Como alternativa, foi proposta a adoção de uma solução institucional que permita a permanência temporária em teletrabalho para servidores com deficiência que assim necessitem, até que surjam vagas no PGD ou que as adaptações requeridas sejam efetivamente implementadas. Foi apontado que a ausência de respostas adequadas contribui para o adoecimento dos trabalhadores e caracteriza violação de direitos.
Encaminhamentos
Ao final da discussão, foi apontado que a MSNP encaminhe formalmente à Secretaria de Relações do Trabalho (SRT) a proposta de criação de um Grupo de Trabalho (GT) para formular diretrizes voltadas ao atendimento das demandas de trabalhadores com deficiência e responsáveis por cuidados familiares.
O GT teria como atribuições a elaboração de diretrizes gerais de acolhimento, a construção da cartilha de direitos, a revisão da Nota Técnica nº 113 de 2018, a revisão do Manual de Perícias e a definição do formato das capacitações, com participação obrigatória da representação sindical dos trabalhadores com deficiência e responsáveis por PCDs e cuidados familiares.

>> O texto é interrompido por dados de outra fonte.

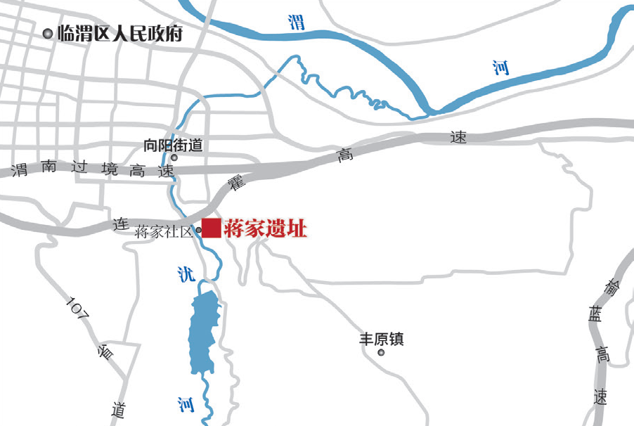 蒋家遗址位于渭南市临渭区向阳街道蒋家村东,地处沋河下游出秦岭的塬前坡地上,西临沋河川道,北距渭河干流5千米,南距秦岭约15千米。
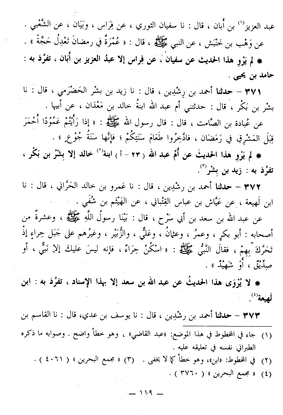 372 - حَدَّثَنَا أَحْمَدُ بْنُ رِشْدِينَ قَالَ: نا عَمْرُو بْنُ خَالِدٍ الْحَرَّانِيُّ قَالَ: نا ابْنُ لَهِيعَةَ، عَنْ عَيَّاشِ بْنِ عَبَّاسٍ الْقِتْبَانِيِّ، عَنِ الْهَيْثَمِ بْنِ شُفَيٍّ، عَنْ عَبْدِ اللَّهِ بْنِ سَعْدِ بْنِ أَبِي سَرْحٍ قَالَ: بَيْنَا رَسُولُ اللَّهِ صَلَّى اللهُ عَلَيْهِ وَسَلَّمَ، وَعَشَرَةٌ مِنْ أَصْحَابِهِ: أَبُو بَكْرٍ، وَعُمَرُ، وَعُثْمَانُ، وَعَلِيٌّ، وَالزُّبَيْرُ، وَغَيْرُهُمْ عَلَى جَبَلِ حِرَاءٍ إِذْ تَحَرَّكَ بِهِمْ، فَقَالَ النَّبِيُّ صَلَّى اللهُ عَلَيْهِ وَسَلَّمَ: «§اسْكُنْ حِرَاءُ، فَإِنَّهُ لَيْسَ عَلَيْكَ إِلَّا نَبِيٌّ، أَوْ صِدِّيقٌ، أَوْ شَهِيدٌ»
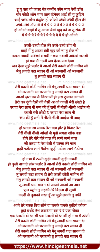 Lyrics of Teri Kaali Choti - तेरी काली चोटी

Foi sugerida ainda a construção de um acordo de transição no âmbito do MGI para permitir que servidores com deficiência e responsáveis por PCDs, que assim demandarem, possam permanecer temporariamente em teletrabalho integral até que surjam vagas no PGD ou que as adaptações necessárias sejam implementadas. Caso necessário, a proposta prevê consulta à Consultoria Jurídica (Conjur/MGI) para viabilizar juridicamente a medida.
Foi proposto também que a reivindicação remuneratória dos servidores administrativos de NA e NI (de inclusão na carreira de ATE) seja encaminhada por meio de um ofício da MSNP para a SRT.
Consensos
Como consenso foi apontado que a bancada sindical apresentará formalmente à SRT uma proposta da MSNP para criação do GT voltado à formulação de diretrizes para trabalhadores com deficiência e responsáveis por cuidados familiares. Entre os objetivos iniciais do GT estarão a elaboração da cartilha de direitos, a revisão da Nota Técnica nº 113 de 2018, a atualização do Manual de Perícias e a definição de ações de capacitação, sempre com participação obrigatória da representação sindical do segmento.
O segundo encaminhamento acordado entre as bancadas estabelece que a bancada sindical enviará à bancada governamental uma minuta de Termo de Acordo de transição, por meio de formulário eletrônico, para análise na próxima reunião da MSNP. O documento será submetido à Consultoria Jurídica e ao Gabinete do MGI e tratará da concessão de teletrabalho integral para pessoas com deficiência e responsáveis por PCDs e cuidados familiares até que as adaptações necessárias sejam efetivamente implementadas.
A Condsef/Fenadsef, o Sindsep-DF e as demais entidades filiadas à Confederação, seguem atentas aos debates que envolvem o tema e lutando por avanços na garantia de direitos dos trabalhadores com deficiência e responsáveis PCDs.